It takes years of hard work, multiple books, and networking, and talent to make it as an author. Like any other artistic endeavor, it’s a subjective thing, and people will buy what people buy. I find the writing in Fifty Shades of Grey to be awful, but tens of millions of people strongly disagree; E.L. James reached the stars by connecting with her readers, and more power to her. I could undoubtedly learn a thing or two from her. So, I’m writing, working, knowing it takes time, and trying not to chafe against that knowledge. Trying to enjoy the journey, and not focus on the destination.

During these decades of writing, I burned down one marriage and almost destroyed another. One of the central reasons this happened is because I expect things to go my way, and when they don’t, I get rankled. My essential impatience, my propensity to reach beyond my means to grasp. Marriage is hard work, and when things go south, which they will in any marriage at some point, I’ve had the feeling that things should be right again quickly. Wounds should heal, others should change, I should change…if not overnight, then within a time frame that I deem acceptable. Utter nonsense. It’s destructive. Because, once again, that resentment sets in and things only get worse. You end up feeling like you’re wasting your time, and when a sense of futility becomes pervasive, it’s already almost too late. It takes discipline and hard work to make it back from that.

Against this backdrop, I’ve experienced the same sort of impatience with God. It sounds as dumb as it is, yet when I’m in the midst of it, I can’t see it, missing the forest for the trees. I cry out to God, asking for help with more selfishness than humility: Help me make it as a writer, help my marriage, please send a briefcase full of money from the sky!  When I don’t get the quick results I desire, I feel betrayed. Like no one is really listening. Like the songs on the radio are full of false promises, and that the Word itself has misled me. But I have misled myself by choosing to focus on the wrong things, by hearing what I want to hear instead of the truth.

The truth is, life can be terrible, hard, and mean.
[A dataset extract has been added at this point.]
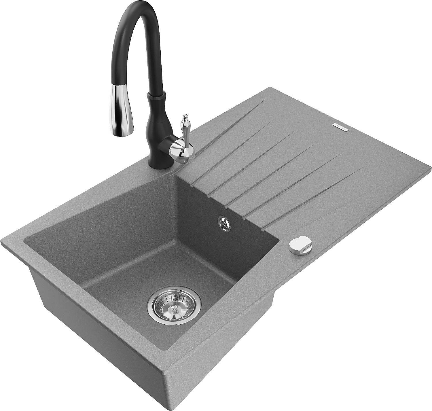 Mexen Cesar lavello da cucina in granito a 1 vasca con gocciolatoio e rubinetto cucina Savita, grigio - 6514-71-672601-70
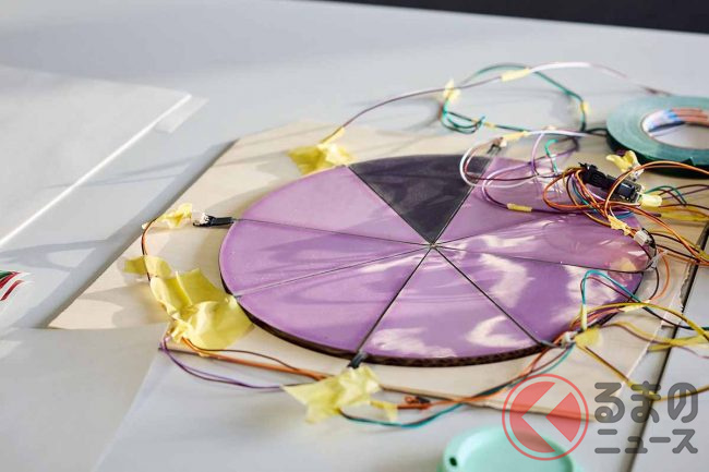 ボディには、E Ink社の電子ペーパーフィルムを240のセグメントに分割して貼っており、セグメントごとに色を設定できます。これにより、ほぼ無限のパターンを数秒のうちに生成し変化させることが可能といいます。

And there is no assurance of a good outcome for any of us on this earth simply because we choose to follow God. The whole idea of abundance theory preached in many mega-churches is dangerous drivel.  It’s connected to Calvinism and the idea that success is predestined, a concept which helped to form the Protestant Work Ethic and build a nation, but which in many ways undermines the deeper message of the gospel. This Calvinistic attitude spawns the belief that poor are poor because God has decided it, and conversely that the wealthy are wealthy because they have earned favor in the eyes of the Lord. This belief system is insidious. Ask the Paul, Peter and Timothy about that.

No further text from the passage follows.